* **Problem requirements**: Transcribe each record below word for word.

* **Material provided**:
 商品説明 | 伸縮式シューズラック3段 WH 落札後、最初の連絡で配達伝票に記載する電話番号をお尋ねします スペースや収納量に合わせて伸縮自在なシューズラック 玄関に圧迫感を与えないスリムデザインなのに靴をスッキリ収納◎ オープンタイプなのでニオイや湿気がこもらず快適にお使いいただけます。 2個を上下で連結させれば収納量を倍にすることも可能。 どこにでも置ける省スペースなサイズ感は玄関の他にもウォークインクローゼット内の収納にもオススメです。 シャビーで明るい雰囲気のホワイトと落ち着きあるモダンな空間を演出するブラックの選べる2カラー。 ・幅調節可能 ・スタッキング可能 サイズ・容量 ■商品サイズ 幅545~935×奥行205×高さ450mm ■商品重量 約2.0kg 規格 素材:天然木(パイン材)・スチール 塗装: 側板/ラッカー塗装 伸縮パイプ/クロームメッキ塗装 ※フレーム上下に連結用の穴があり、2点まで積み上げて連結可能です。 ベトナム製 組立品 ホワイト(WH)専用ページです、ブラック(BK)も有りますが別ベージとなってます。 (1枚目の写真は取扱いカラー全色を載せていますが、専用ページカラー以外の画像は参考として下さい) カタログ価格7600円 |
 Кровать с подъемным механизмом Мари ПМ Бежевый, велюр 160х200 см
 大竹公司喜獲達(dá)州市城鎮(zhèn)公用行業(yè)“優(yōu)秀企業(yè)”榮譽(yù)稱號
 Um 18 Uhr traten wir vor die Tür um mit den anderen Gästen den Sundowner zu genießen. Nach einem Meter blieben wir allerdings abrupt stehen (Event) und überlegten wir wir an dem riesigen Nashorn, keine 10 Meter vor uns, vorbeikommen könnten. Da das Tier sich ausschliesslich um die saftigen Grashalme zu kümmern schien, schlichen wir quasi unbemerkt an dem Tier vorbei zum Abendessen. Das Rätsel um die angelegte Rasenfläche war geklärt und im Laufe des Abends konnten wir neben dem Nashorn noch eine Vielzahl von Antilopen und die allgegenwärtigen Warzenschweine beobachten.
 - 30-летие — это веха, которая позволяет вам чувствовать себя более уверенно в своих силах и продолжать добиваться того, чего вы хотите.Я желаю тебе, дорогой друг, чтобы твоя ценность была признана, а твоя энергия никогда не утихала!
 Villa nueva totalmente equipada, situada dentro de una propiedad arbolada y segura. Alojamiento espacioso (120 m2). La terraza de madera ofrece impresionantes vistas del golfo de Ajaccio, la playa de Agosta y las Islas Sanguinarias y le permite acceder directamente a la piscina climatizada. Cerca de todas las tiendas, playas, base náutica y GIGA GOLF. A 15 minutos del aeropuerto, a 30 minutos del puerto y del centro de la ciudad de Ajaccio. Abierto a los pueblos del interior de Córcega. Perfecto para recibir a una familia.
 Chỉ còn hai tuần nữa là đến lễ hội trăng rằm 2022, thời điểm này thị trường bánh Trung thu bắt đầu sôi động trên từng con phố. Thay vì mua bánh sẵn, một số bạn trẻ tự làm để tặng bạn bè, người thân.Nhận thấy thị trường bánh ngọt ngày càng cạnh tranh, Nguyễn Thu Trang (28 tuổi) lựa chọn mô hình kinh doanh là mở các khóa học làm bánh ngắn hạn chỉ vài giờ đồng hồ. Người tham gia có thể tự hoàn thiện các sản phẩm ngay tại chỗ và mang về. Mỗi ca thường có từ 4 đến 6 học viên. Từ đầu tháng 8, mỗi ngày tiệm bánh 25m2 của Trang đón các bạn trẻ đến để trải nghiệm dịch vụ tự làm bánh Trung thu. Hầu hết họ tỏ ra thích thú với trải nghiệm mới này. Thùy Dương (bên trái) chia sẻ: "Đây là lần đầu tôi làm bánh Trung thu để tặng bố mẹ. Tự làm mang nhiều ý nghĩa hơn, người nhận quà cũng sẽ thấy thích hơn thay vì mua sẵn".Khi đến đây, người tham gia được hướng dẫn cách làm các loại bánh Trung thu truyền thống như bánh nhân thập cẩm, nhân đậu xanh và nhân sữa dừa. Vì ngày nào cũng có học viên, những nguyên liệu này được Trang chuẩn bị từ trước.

* **Solution below**:
 商品説明 | 伸縮式シューズラック3段 WH 落札後、最初の連絡で配達伝票に記載する電話番号をお尋ねします スペースや収納量に合わせて伸縮自在なシューズラック 玄関に圧迫感を与えないスリムデザインなのに靴をスッキリ収納◎ オープンタイプなのでニオイや湿気がこもらず快適にお使いいただけます。 2個を上下で連結させれば収納量を倍にすることも可能。 どこにでも置ける省スペースなサイズ感は玄関の他にもウォークインクローゼット内の収納にもオススメです。 シャビーで明るい雰囲気のホワイトと落ち着きあるモダンな空間を演出するブラックの選べる2カラー。 ・幅調節可能 ・スタッキング可能 サイズ・容量 ■商品サイズ 幅545~935×奥行205×高さ450mm ■商品重量 約2.0kg 規格 素材:天然木(パイン材)・スチール 塗装: 側板/ラッカー塗装 伸縮パイプ/クロームメッキ塗装 ※フレーム上下に連結用の穴があり、2点まで積み上げて連結可能です。 ベトナム製 組立品 ホワイト(WH)専用ページです、ブラック(BK)も有りますが別ベージとなってます。 (1枚目の写真は取扱いカラー全色を載せていますが、専用ページカラー以外の画像は参考として下さい) カタログ価格7600円 |
 Кровать с подъемным механизмом Мари ПМ Бежевый, велюр 160х200 см
 大竹公司喜獲達(dá)州市城鎮(zhèn)公用行業(yè)“優(yōu)秀企業(yè)”榮譽(yù)稱號
 Um 18 Uhr traten wir vor die Tür um mit den anderen Gästen den Sundowner zu genießen. Nach einem Meter blieben wir allerdings abrupt stehen (Event) und überlegten wir wir an dem riesigen Nashorn, keine 10 Meter vor uns, vorbeikommen könnten. Da das Tier sich ausschliesslich um die saftigen Grashalme zu kümmern schien, schlichen wir quasi unbemerkt an dem Tier vorbei zum Abendessen. Das Rätsel um die angelegte Rasenfläche war geklärt und im Laufe des Abends konnten wir neben dem Nashorn noch eine Vielzahl von Antilopen und die allgegenwärtigen Warzenschweine beobachten.
 - 30-летие — это веха, которая позволяет вам чувствовать себя более уверенно в своих силах и продолжать добиваться того, чего вы хотите.Я желаю тебе, дорогой друг, чтобы твоя ценность была признана, а твоя энергия никогда не утихала!
 Villa nueva totalmente equipada, situada dentro de una propiedad arbolada y segura. Alojamiento espacioso (120 m2). La terraza de madera ofrece impresionantes vistas del golfo de Ajaccio, la playa de Agosta y las Islas Sanguinarias y le permite acceder directamente a la piscina climatizada. Cerca de todas las tiendas, playas, base náutica y GIGA GOLF. A 15 minutos del aeropuerto, a 30 minutos del puerto y del centro de la ciudad de Ajaccio. Abierto a los pueblos del interior de Córcega. Perfecto para recibir a una familia.
 Chỉ còn hai tuần nữa là đến lễ hội trăng rằm 2022, thời điểm này thị trường bánh Trung thu bắt đầu sôi động trên từng con phố. Thay vì mua bánh sẵn, một số bạn trẻ tự làm để tặng bạn bè, người thân.Nhận thấy thị trường bánh ngọt ngày càng cạnh tranh, Nguyễn Thu Trang (28 tuổi) lựa chọn mô hình kinh doanh là mở các khóa học làm bánh ngắn hạn chỉ vài giờ đồng hồ. Người tham gia có thể tự hoàn thiện các sản phẩm ngay tại chỗ và mang về. Mỗi ca thường có từ 4 đến 6 học viên. Từ đầu tháng 8, mỗi ngày tiệm bánh 25m2 của Trang đón các bạn trẻ đến để trải nghiệm dịch vụ tự làm bánh Trung thu. Hầu hết họ tỏ ra thích thú với trải nghiệm mới này. Thùy Dương (bên trái) chia sẻ: "Đây là lần đầu tôi làm bánh Trung thu để tặng bố mẹ. Tự làm mang nhiều ý nghĩa hơn, người nhận quà cũng sẽ thấy thích hơn thay vì mua sẵn".Khi đến đây, người tham gia được hướng dẫn cách làm các loại bánh Trung thu truyền thống như bánh nhân thập cẩm, nhân đậu xanh và nhân sữa dừa. Vì ngày nào cũng có học viên, những nguyên liệu này được Trang chuẩn bị từ trước.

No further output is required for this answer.